The palace doors open on Julii Cooper and Octavia for the third and final time. Vorenus comes out, followed by a small detachment of Nubian soldiers. Both women rise, and Julii Cooper, noting Vorenus's armor, comments, "I'm glad to see you haven't gone native, at least." She asks what's going on. Vorenus unhappily but quickly says that Antony has ordered him to escort them back to their ship so that they can leave Alexandria ASAP. Julii Cooper's heart exits her chest, flops out beneath the hem of her dress, and lies guttering in the sand. "Without seeing him?" she asks. "He turns away the mother of his child [maybe]?" Octavia adds. Vorenus is like, yup. Sucks to be you ladies. Julii Cooper wants to blame Cleopatra for giving Vorenus this order, but Vorenus assures her that he only takes his orders from Antony. Still, Julii Cooper refuses to move until Antony comes and tells her himself. Vorenus says that he has orders to use force if necessary, and although he admits that he wouldn't dare touch women of the Julii, the Nubians backing him aren't so shy. And they're all holding really sharp things. Julii Cooper tries to shove past Vorenus, screaming Antony's name. The screaming works much better than the shoving, but Antony still doesn't appear. She steps back and smacks Vorenus across the chops. Octavia claps her hands to her mouth like she's never seen her mother pop someone in the much before. And then Julii Cooper fully breaks down, bashing tearfully at Vorenus's immovable breastplate and then marching off. Before following, Octavia tells Vorenus, "You tell my husband he's cowardly scum." Vorenus nods, clearly looking forward to that. And the Julian party makes the long walk back to the docks, which would be even longer if the docks weren't right there.

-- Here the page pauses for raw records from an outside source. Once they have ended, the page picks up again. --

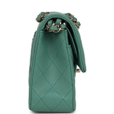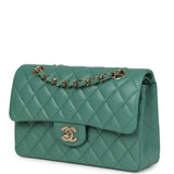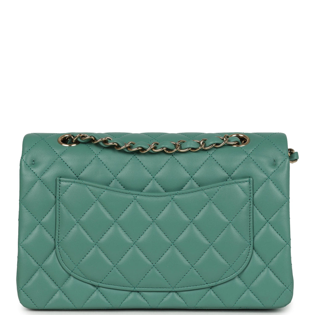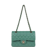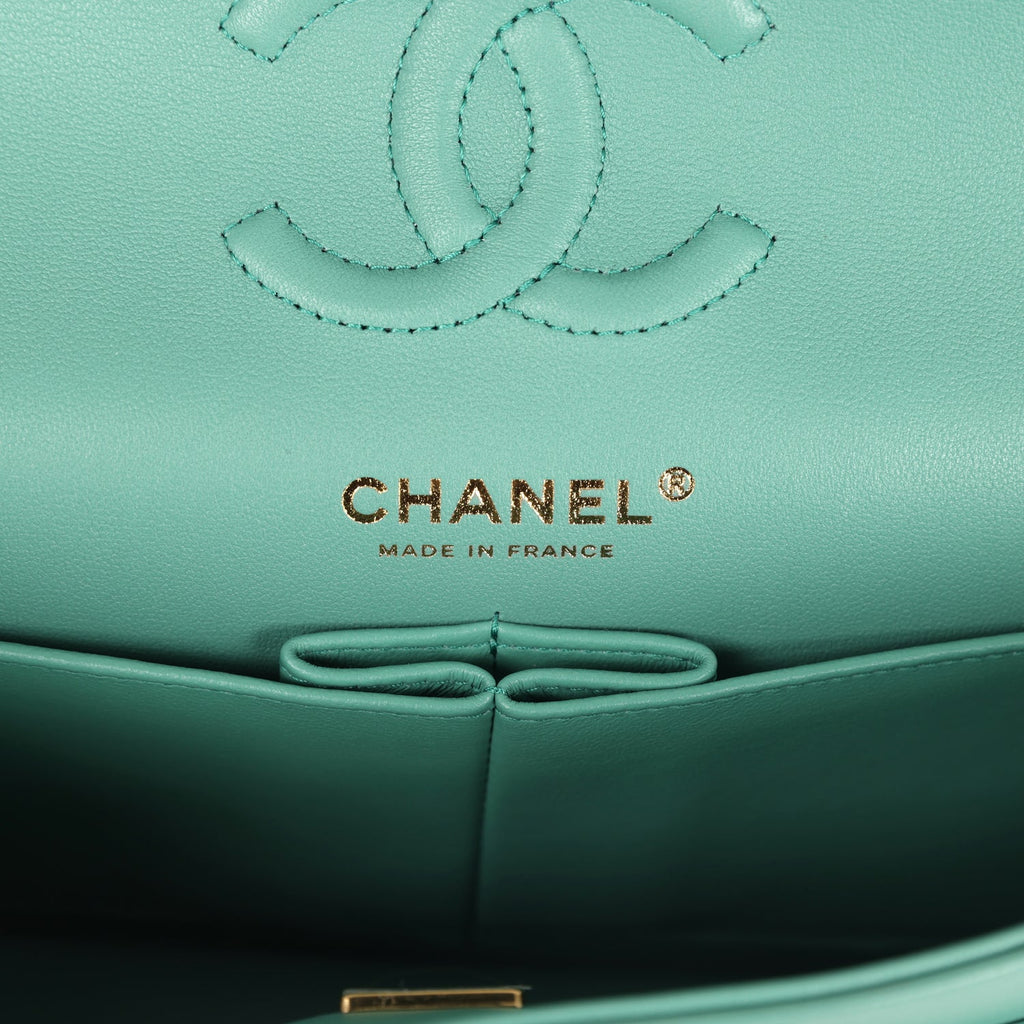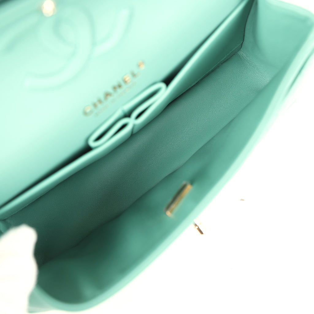 Chanel Small Classic Double Flap Bag Green Lambskin Light Gold Hardware
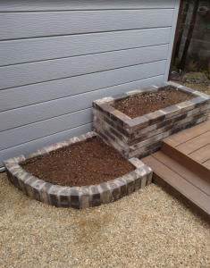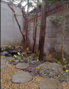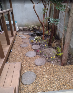 花壇は真砂土を入れて、バーグ堆肥、パーライトを入れて土壌改良しています。
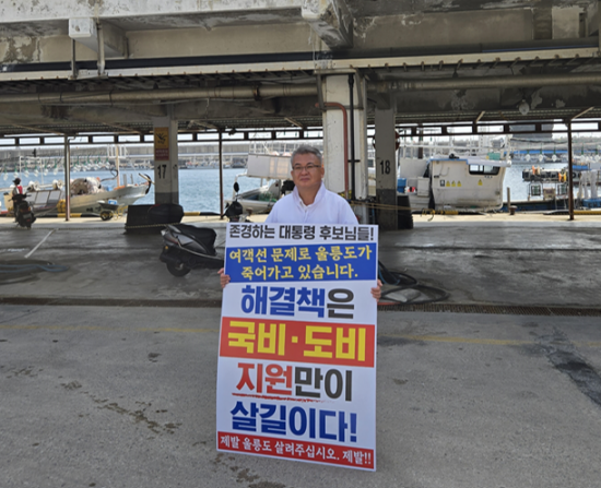 “근본적 대책은 국비와 도비를 신속히 확보해 비수기와 연중(주중) 할인 정책 등을 펼치는 것이 선사와 울릉군이 상생하는 길이다. 문제해결을 위해 도동삼거리와 여객선 터미널 등 거점에서 제21대 대통령 선거 후보님들께 간절함을 호소하는데 혼신의 힘을 쏟겠다”고 1인 시위 돌입 포부를 전했다.
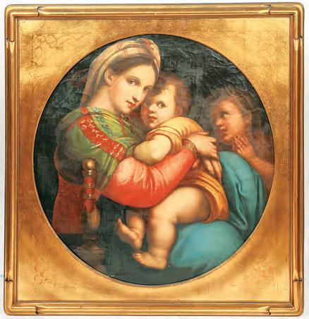 An early copy of Italian Renaissance artist Raphael’s masterpiece from ca. 1815-16, “The Madonna of the Chair” (or “Madonna della Seggiola / Sedia”), went for $3,875. The original is housed at the Pitti Palace in Florence, Italy. Also,
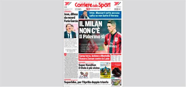 «هزيمة صاعقة في ملعب ميلان (سان سيرو) لفريق المدرب إنزاغي، إذ خسر من باليرمو الذي حقق الفوز لأول مرة خارج أرضه هذا الموسم».
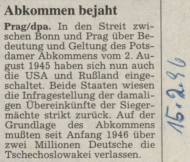 In den Streit zwischen Bonn und Prag über Bedeutung und Geltung des Potsdamer Abkommens vom 2. August 1945 haben sich nun auch die USA und Rußland eingeschaltet. Beide Staaten wiesen die Infragestellung der damaligen Übereinkünfte der Siegermächte strikt zurück. Auf der Grundlage des Abkommens mußten seit Anfang 1946 über zwei Millionen Deutsche die Tschechoslowakai verlassen.
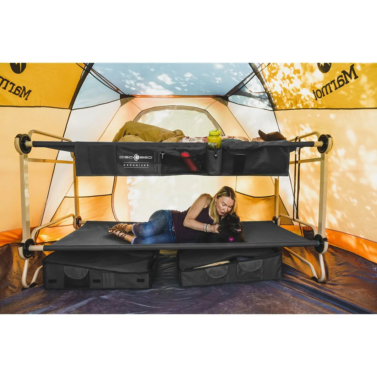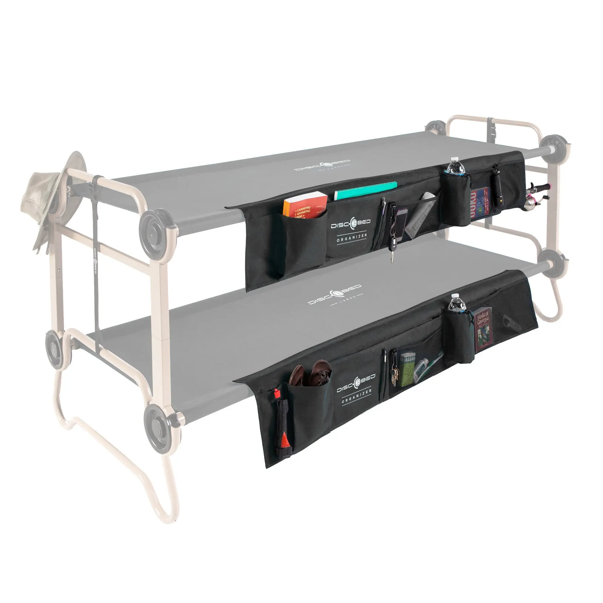 The convenient side pocket can be easily attached directly to the mattress of the Disc-O-Bed thanks to the handy Velcro fastener. This intelligent solution allows you to store personal items, drinking bottles or other utensils directly next to the bed for easy access at any time.
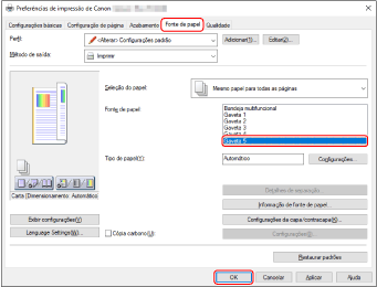 Selecione o separador [Paper source] e especifique as programações consoante abaixo descrito → clique em [OK].
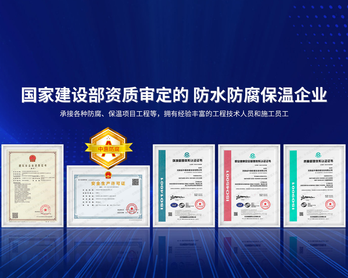 公司經營范圍:防水防腐保溫工程;消防設施工程;建筑裝修裝飾工程;建筑機電安裝工程;電力工程;建筑工程;石油化工工程;工業清洗工程;油罐清洗工程;鋼結構工程;環保工程;模板腳手架工程;電纜防火封堵、防污閃噴涂、外墻外保溫工程;各類施工勞務作業;設備維修、船舶鉚焊、涂裝;電力工程材料、建材、防水材料、防火材料、防腐保溫材料銷售,并相繼通過了GB/T19001-2008idtISO9001:2008GB/T50430-2007質量管理體系認證證書。GB/T24001-2004idtISO14001:2004環境管理體系認證證書。GB/T28001-2011idtOHSAS18001:2007職業健康安全管理體系認證證書。公司是中國防腐蝕于防護協會、中國施工企業管理協會、電力協會和中國鋼結構防水協會會員單位。 公司的經營業務涵蓋了石油、化工、電力、冶金、煤炭、船舶、國防、燃氣、水利、環保、交通運輸、航空及國防軍工和輕紡市政等行業的防腐保溫絕熱設備。鋼結構安裝、防火、防水、金屬噴鍍、聚脲噴繪、陰極保護、防滲透堵漏、玻璃鋼及各種磚版材料襯里、橡膠襯里、煙氣硫和耐酸溶劑腐蝕等工程施工。公司連續十年榮獲“省市先進施工企業”“安全生產先進單位”“重合同,守信用企業”和“AA***資質企業”的稱號。2000年被命名為市級文明單位,2002年被國家工商行政管理局命名為“重合同,守信用的企業”、被中國工業防腐蝕技術協會命名為“防腐蝕企業,能源節約及環境保護領域有豐富的經驗和***的業績。工程一次交驗合格率100%。其中攀枝花鋼鐵公司煉鐵廠四號高爐及熱風爐防腐工程、上海寶鋼公司煤氣柜防腐工程、撫順石油一廠裝置防腐項目、齊魯石化公司稀烴廠高塔防腐工程、吉林化學工業公司煉油廠油罐防腐工程、天津石化熱電廠六號爐頂棚聯絡管保溫工程、大慶油田(太倉)力神泵業工程、中國化學工程第十一建設工程、中原油田勘探局工程、中國石化銷售有限公司華北分部、魯皖輸油管道工程、貴州開磷息烽合成氨工程、陜西黃陵煤化工程、中國石油天然氣西部管道塔里木輸油工程、邯鋼集團邯寶鋼鐵公司煉鐵工程、德州供電工程、吉寶(南通)船廠工程,偃師華潤熱力工程、鄭州熱力總公司。 河南省中惠防腐安裝有限公司愿以豐富的施工經驗,***的技術,***的設備,***的管理,***的服務,竭誠為國內外廣大的用戶提供***滿意、******的工程作品。 我公司愿與國內外同仁一道,團結協作,共同推進防腐蝕行業發展! 公司地址:河南省長垣縣建設路北段360號 固定電話:0373-8866488 郵編:453400 網址:http://www_zhff_com_cn.yj18g.com
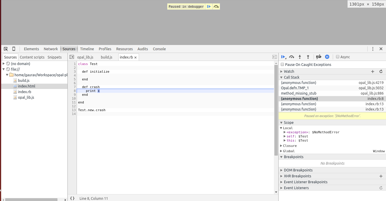 ruby builder.rb这将生成编译好的javascript文件opal_lib.js和build.js,这些文件被我们的index.html文件引用。现在只需在浏览器中打开index.html即可。您将得到一个完整的调用堆栈和源视图:
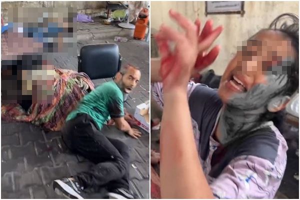 ▲網傳影片中,希法醫院門診區地上倒著許多重傷者,民眾試圖為他們止血。(圖/翻攝自X)

Inside the palace, Jocasta and Posca are rapidly packing up, wearing traveling cloaks and everything. Posca's worried that they'll be penniless after leaving all their money behind, but Jocasta doesn't care; she's scared and wants to go home. Just then, Vorenus enters with a loud throat-clearing, startling them both. "Going somewhere?" he asks, and looks inside their packed suitcase. Jocasta starts losing her shit, begging Vorenus not to tell anyone they're leaving: "They'll throw us to the crocodiles!" Much more smoothly, Posca says that they were just planning to walk along the harbor and look at the ships. Vorenus eyebrows at Posca and says that they'd better hurry: "The wind is changing. The ships look best when their sails are set." Posca tries to persuade Vorenus to come along; this will be no place for "decent Romans" in the impending war. But of course, Vorenus's twisted sense of duty won't allow anything of the kind. "If you happen to see Titus Pullo," he tells Posca, "ask him to kiss my children for me." Oh, come on, what are the chances of that? Pullo thanks Vorenus's retreating back, and he and his wife sneak out of the palace's fire exit and disappear into the streets.

Now it's Julii Cooper who's laid out on the ship's bunk while Octavia looks out the porthole from belowdecks. She tosses her wedding ring out the window. I'm actually surprised that she kept it this long. And then the only thing that could make Julii Cooper's day worse happens, as Jocasta and Posca descend the steps to the hold and asks if they can hang with them until the boat sails. If Julii Cooper were in anything like her usual form, she would rapidly agree, and then revoke her welcome the minute they're underway.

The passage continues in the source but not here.